P3216 [HNOI2011] math homework
... looked segments
Let k be the number of digits
1--9 ->k=1
10--99 ->k=2
100--999->k=3
So recursive formula
F
[n ] = F [. 1-n ] * ^ 10-n. 1 + K (K is the number of bits n)
So matrix becomes:
| 10^k | 0 | 0 |
|---|---|---|
| 1 | 1 | 0 |
| 1 | 1 | 1 |
However, the matrix becomes longer, how to do it, we can be handled separately, initial matrix f [ 0 ] => (0,0,1)

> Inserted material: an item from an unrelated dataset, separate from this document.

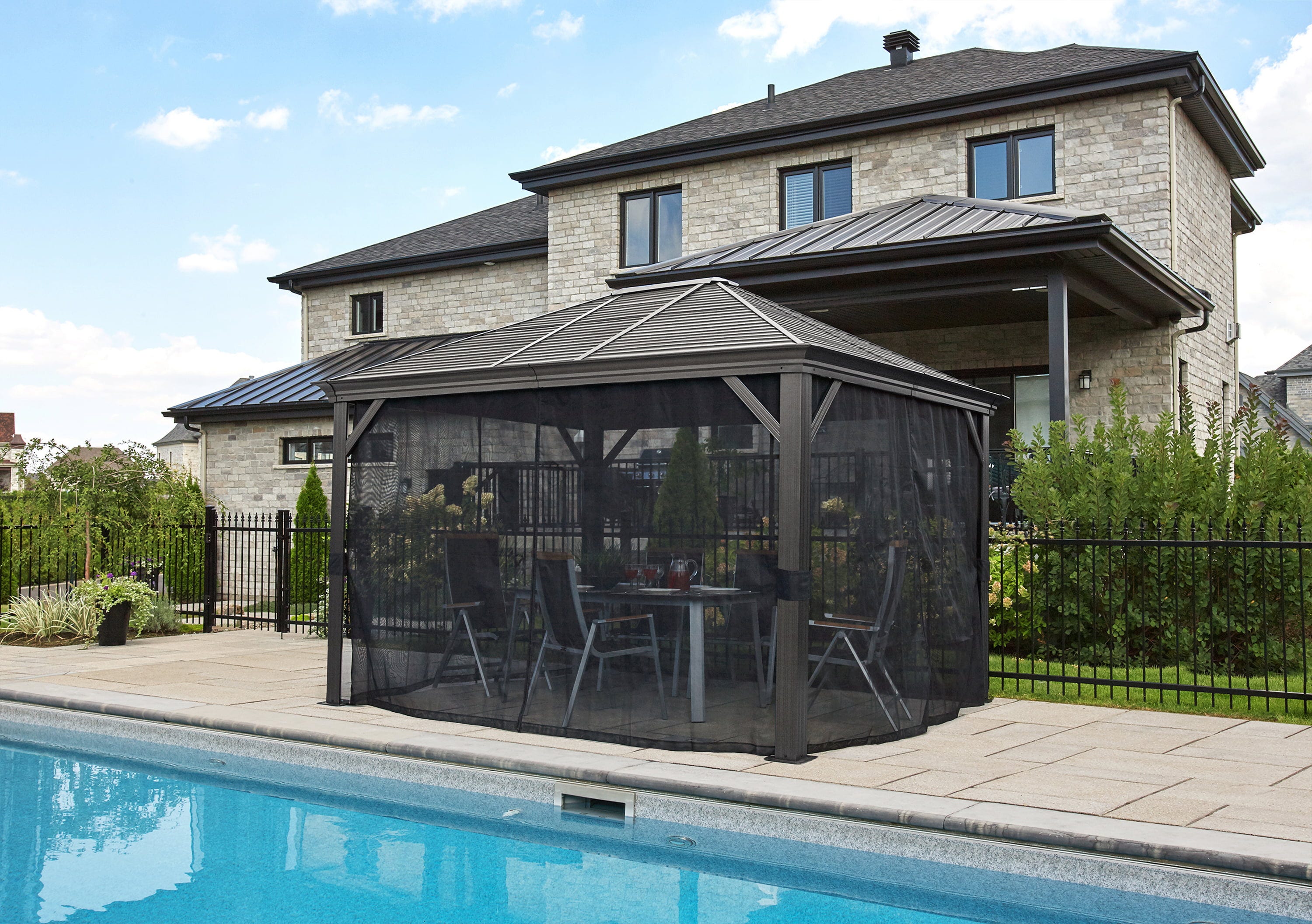 Ein funktionales Highlight ist das doppelte Stahldach aus galvanisiertem Blech: Es sieht nicht nur edel aus, sondern sorgt durch den integrierten Windauslass für eine optimale Belüftung und stets frische Luft unter dem Dach. Damit du deine Ruhe vor lästigen Insekten hast, sind die passenden Moskitonetze aus Nylon bereits inkl. – und dank der zweigleisigen Laufschienen kannst du sogar gleichzeitig optionale Vorhänge anbringen. Besonders clever für dich gelöst: Das integrierte Entwässerungssystem leitet Regenwasser diskret durch die Pfosten ab.

Enumeration from 1 digit up to the length (n) -1-bit, 10k matrix multiplication has 9 * 10k-1 times.
Finally, treatment length (n) bits, multiplied 10length (n) matrix of n-Σlength (n) k = 1 (9 * 10k-1) times.
Spend more than one hour to finish, pay a 40 ...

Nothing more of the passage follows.